With its research partners, iCAIR is designing and developing large-scale information technologies that are significantly more flexible, programmable, expandable, and extensible than those implemented today. Many iCAIR projects are creating new digital communication services and technologies to support innovative Advanced Application Topics that cannot be implemented on traditional communications infrastructure. These new methods empower applications with multiple new capabilities. Consequently, new applications do not have to be designed in the context of the restrictions of current information technology infrastructure. They can be designed to take advantage of this new infrastructure, and, therefore, they can benefit from significantly more power and functionality than those deployed today. They will also be much more distributed and flexible. They will be the basis for ubiquitous services - available "anywhere, anytime, on any device." In addition, they will be easy-to-access and easy-to-use. Achieving these goals requires fundamentally new architectural designs for information technology infrastructure.

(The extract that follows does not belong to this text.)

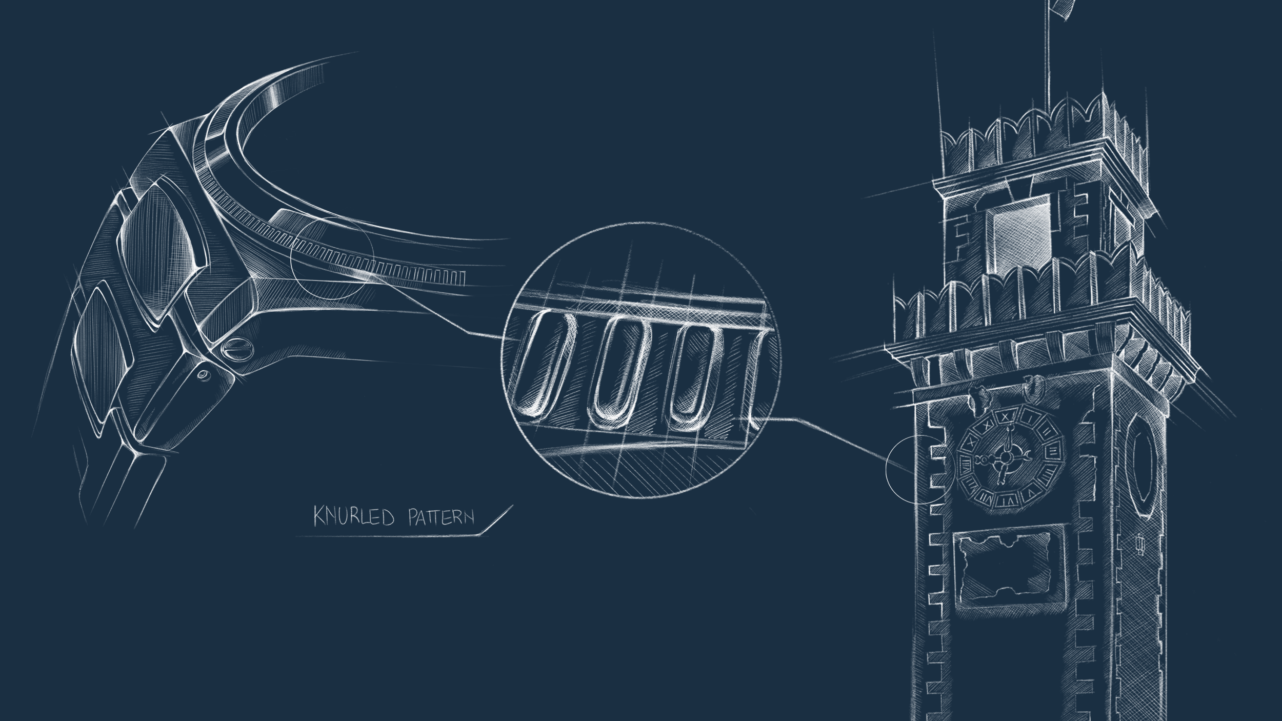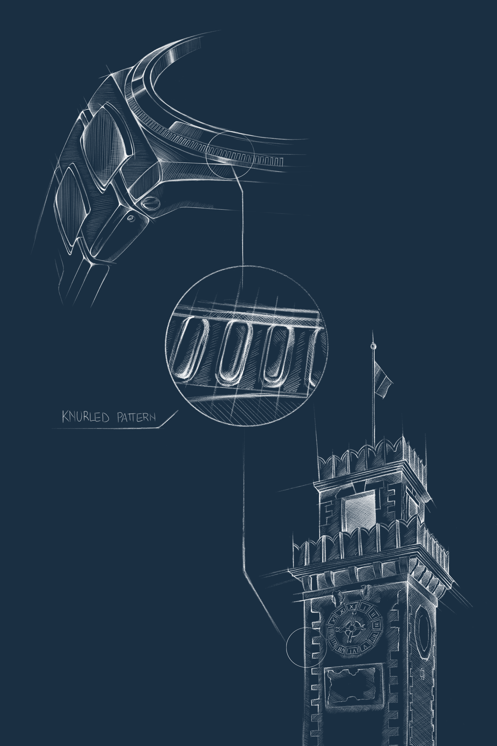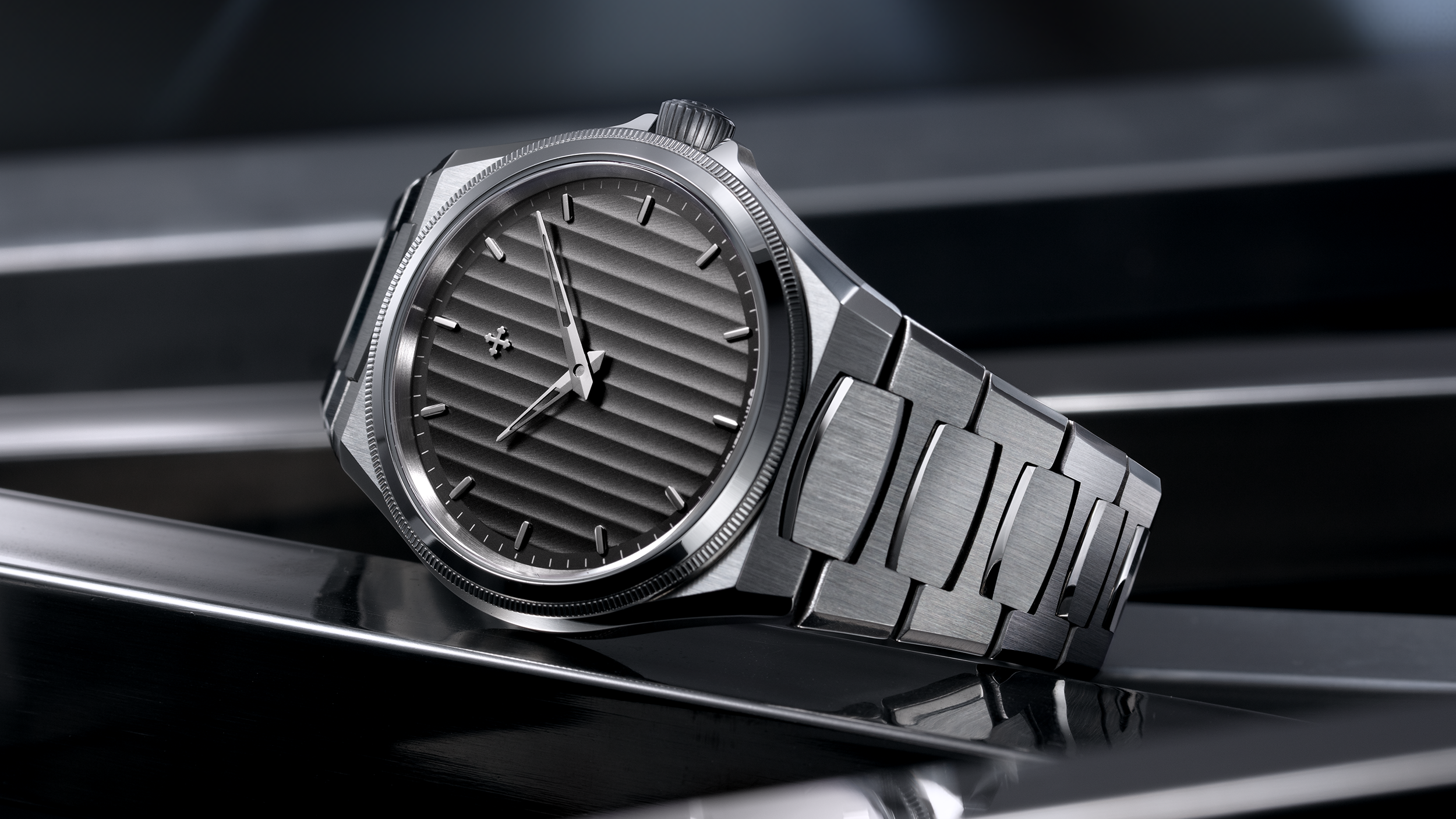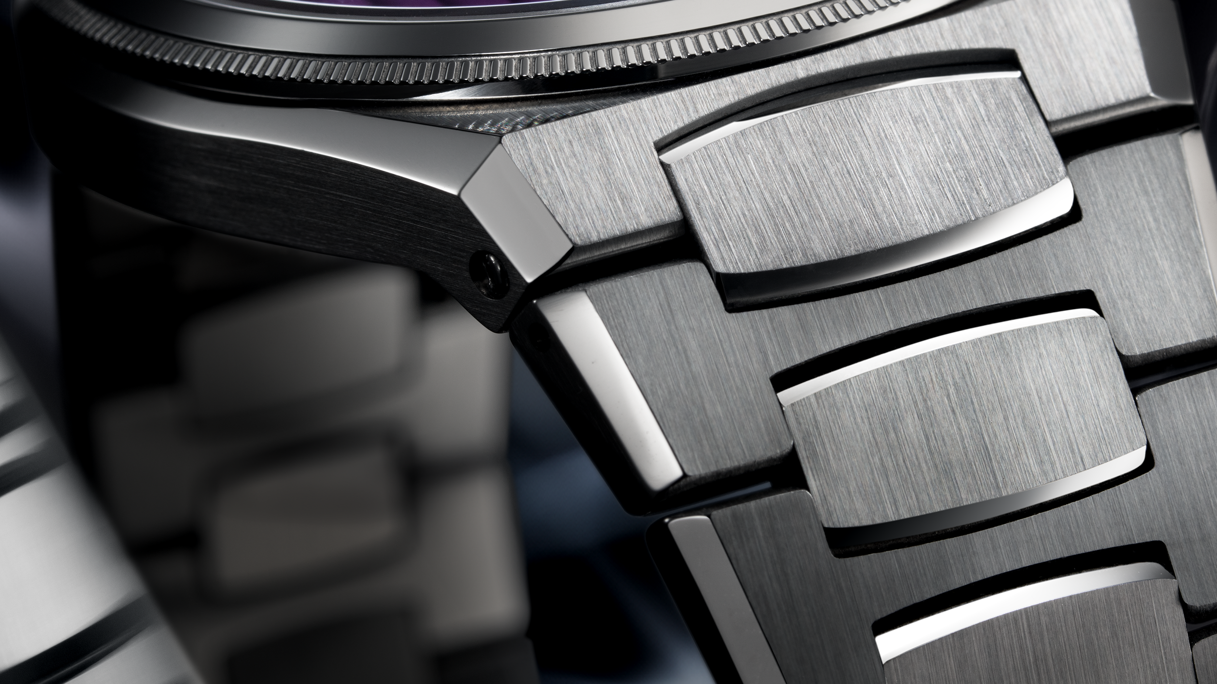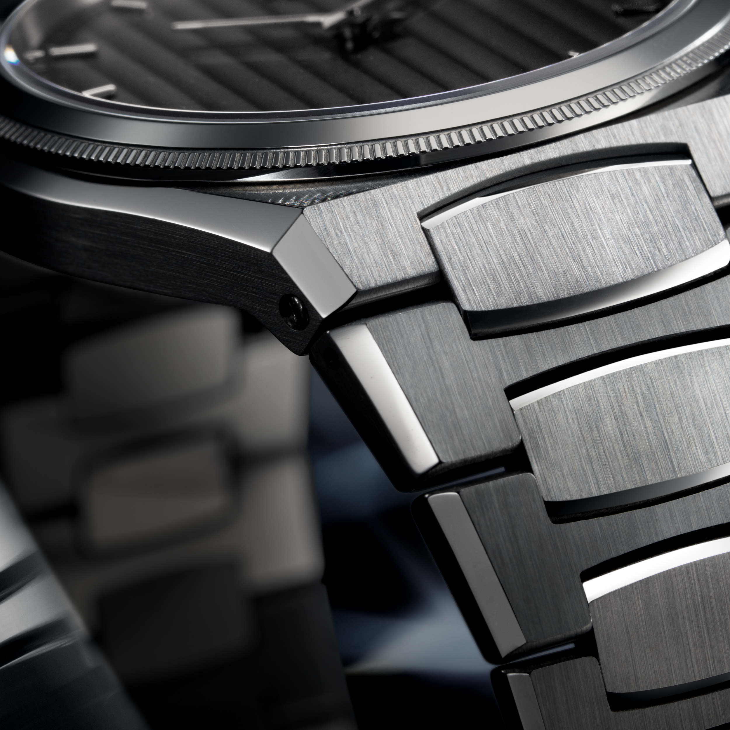 Parlatılmış kabartmalı bezel, dikey fırçalanmış finisajlarla birleşerek, onu çok yönlü ve ayırt edici bir saat haline getiriyor.

New Technology Architecture for Advanced Applications

Emerging next generation applications require technology infrastructure that is substantially more flexible, programmable, and customizable than that which is currently deployed. These principals are fundamental to the technology design concepts at iCAIR. Another key design principal at iCAIR is to design advanced technologies such that they are transparent, while allowing their power and capabilities to be readily accessible, ubiquitous and easily useable. Also, currently, almost all information technology systems are developed as separate, fairly distinct components. New architectural trends are creating designs that provide for interoperation and integration of multiple components into seamless digital fabrics. Much current new infrastructure development is being driven by the needs of data-intensive, compute intensive and bandwidth intensive applications. Therefore, a crucially important design goal is to provide support for extremely resource intensive applications, especially those requiring large-scale data management and transport. However, while supporting such large-scale resource requirements, this new infrastructure must also allow applications to be highly distributed, enabling them to be used from any location, regionally, nationally, and globally. In addition, many applications also require more than high performance, such as new forms of fine-grained, sophisticated control processes.

Another design premise is that new types of communication services and network infrastructure will be the foundation for next generation information technology. These emerging capabilities will be based on fundamentally new architecture, services, technology, and foundation infrastructure. (Ref: Grid Networks: Enabling Grids with Advanced Communication Technology, Eds. F. Travostino, J. Mambretti, G. Karmous-Edwards, Wiley, 2006).